Exhibits at the Utah Museum of Natural History, are housed in elegant and evocative, “canyonesque” architecture, built into a hillside such that each of the museum’s floors engages the landscape outside. Exhibits are able to refer directly to views of the bench-like mountains that step up to the east of downtown Salt Lake City and fall away to the Great Salt Lake Basin to the west. Numerous portals invite visitors to step outside the galleries and appreciate fresh air, indigenous plantings, and the sounds and smells of nature. Rarely have I experienced a museum that acknowledges and incorporates its ecological, geological, and cultural context like this one does.
The museum is on the campus of the University of Utah, and it showcases the strengths of this partnership in amazing ways: stunning collections, scientists in residence and in the field, and real projects in action on the exhibit floor.
The permanent exhibits are punctuated by highly flexible venues: a weather terrace; a drop-in naturalist’s nook; and lab spaces that reference a cave and a geologist’s workroom. My initial criticism of the apparent expense and permanency of the highly integrated, architectural exhibits was quickly quelled when I discovered how these and other venues accommodate staffed programs, floor talks, nature walks, and impromptu demonstrations. The Utah Museum of Natural History has made the commitment to provide dynamism and flexibility through real people versus installations.

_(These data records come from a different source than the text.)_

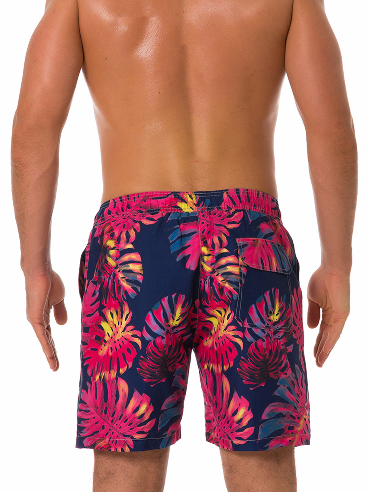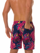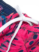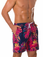 Men's Summer Tropical Leaf Print Beach Shorts Navy Blue Swimming Trunks
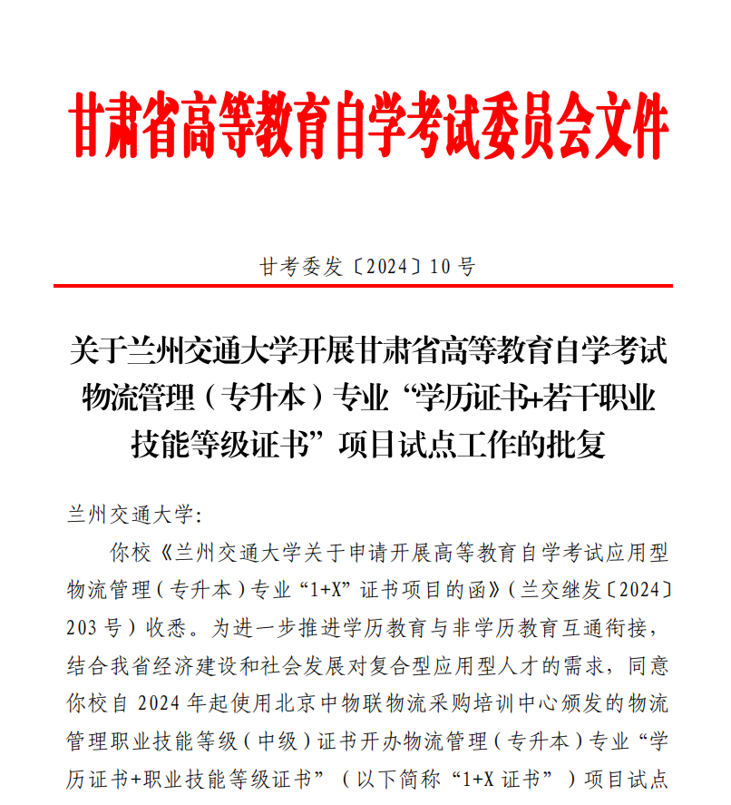作为甘肃省高等教育自学考试应用型物流管理(专升本)专业1+X证书项目试点院校,继续教育学院承担主体责任。依据自学考试专业计划要求和职业技能等级证书标准,加强对证书的报名组织、课程培训、成果认定等环节的衔接和管理。通过深化助学方式改革,提升考生应用能力水平和人才质量,提高证书过关率,促进“1+X证书”试点项目在我省的健康发展。
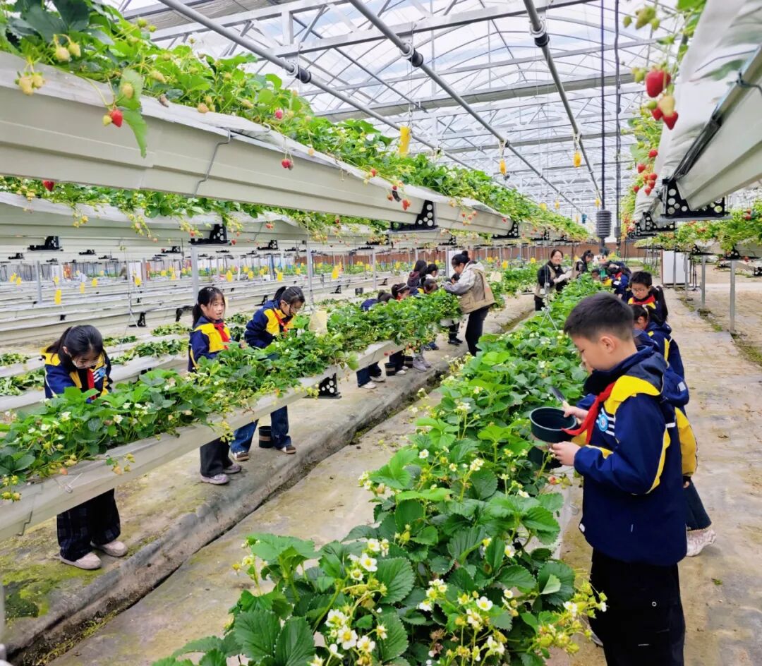 在特色种养基地,同学们实地探访“稻虾共生”“稻鸭共生”生态循环模式,深入了解现代生态农业如何利用生物互作原理实现绿色高效种养,将书本知识与前沿农业科技紧密结合。萌宠互动区内,大家近距离观察小动物生活习性,在轻松互动中感受生物多样性的乐趣。最受期待的“空中草莓”种植园里,无土栽培、水肥一体化智能灌溉系统令同学们大开眼界——悬空模式精准控温控湿、大幅减少病虫害,智能传感实现水肥精准供给,让草莓品质更优、产量更高。同学们还亲手挖掘草莓苗、移栽入盆,在实践中真切感受现代农业科技的精妙。本次研学将科技元素贯穿始终,让同学们在沉浸式体验中解锁农业科技奥秘,真正实现了在游中学、在学中乐。
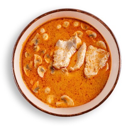 Креветка тигровая, черри, грибы, рис, кокосовое молоко, лист лайма, лемонграсс, лук парей.
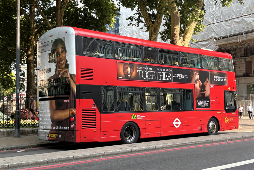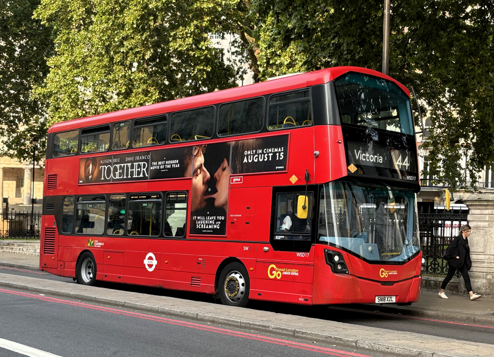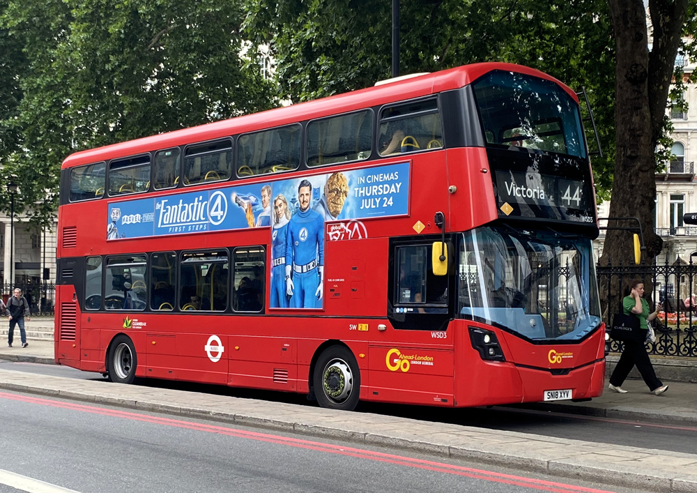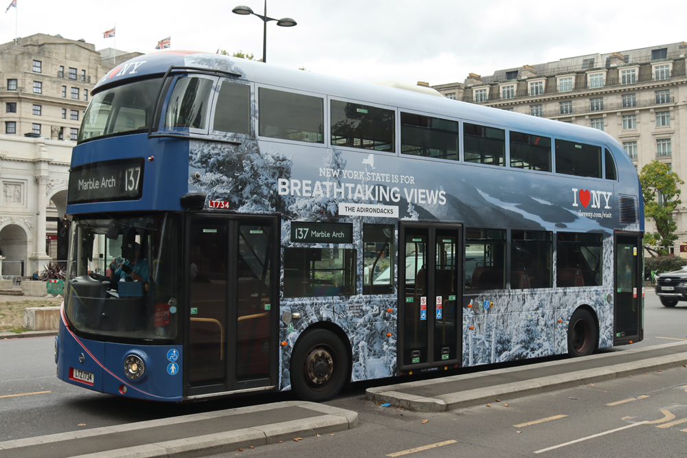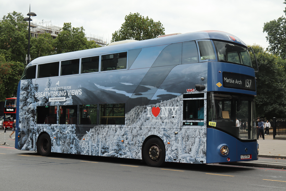 Arriva's LT734 is in this overall wrap promoting the attractions of New York
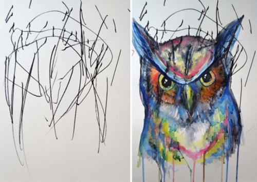 加拿大艺术家将2岁女儿涂鸦修改成精美画作(图)
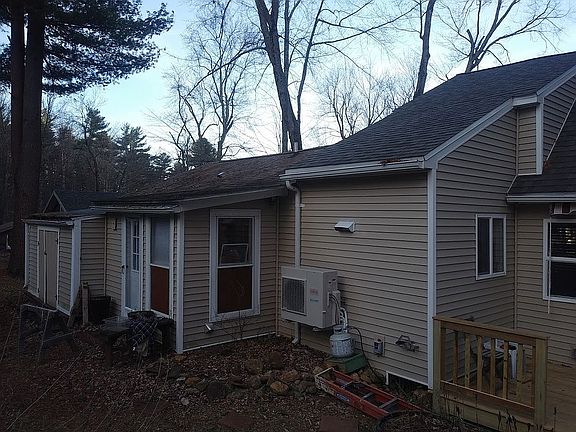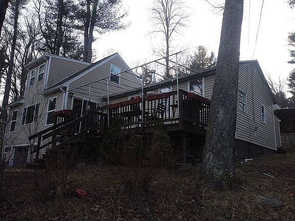 Year round bungalow on a large corner lot with direct access to Hamilton Reservoir a full recreational Lake. Enjoy the views and sunsets from the deck or walk across the private road to your direct lake access beach area. This house has a newer conventional septic system and Artesian well. Plenty of parking for family and guests. Enjoy the deck, the patio, the beach or boating on the lake. There are also 2 sheds for additional storage.

As much as the Utah Museum is about the “place,” Dallas’ newest museum, it seems, is about the “package.” In Dallas, the Perot Museum of Nature & Science, takes a more universal look at natural science, although the building, with its interesting escalator and LEED -certified status is (according to the museum’s website and map) its most important exhibit and its most advertised feature.
Housed within this intriguing architectural cube and set upon a near-5-acre site, the exhibitions are arranged on 6 levels. Each bears a distinct design look and feel. Unaffiliated with a university, the Perot is less focused on collections and less committed to its local natural history. It is therefore more free to expand its exhibition program to ideas as far as the origins of the universe and outer space to the inner workings of the human body – and nearly everything in between. A self-proclaimed family attraction, the museum offers playful exhibits like media-based “Soar Like a Bird” and “Race Against a Cheetah,” (my titles) and inventive tinkering spaces where groups and individuals can make remotely controlled vehicles and create digital art.
Visiting these museums – one after the other – made me really aware of the distinctions between a regional natural history museum and a general museum of nature and science. Where the Utah Museum of Natural History feels at home in its environmental context, the Perot feels like an invasive species. Where the Perot offers energetic play and creative simulation, Utah offers spaces for authentic encounter and contemplation.
One museum shouts the comprehensive story of the earth in loud colors; the other shares its indigenous story in soft tones.
Neither is bad...They’re just different.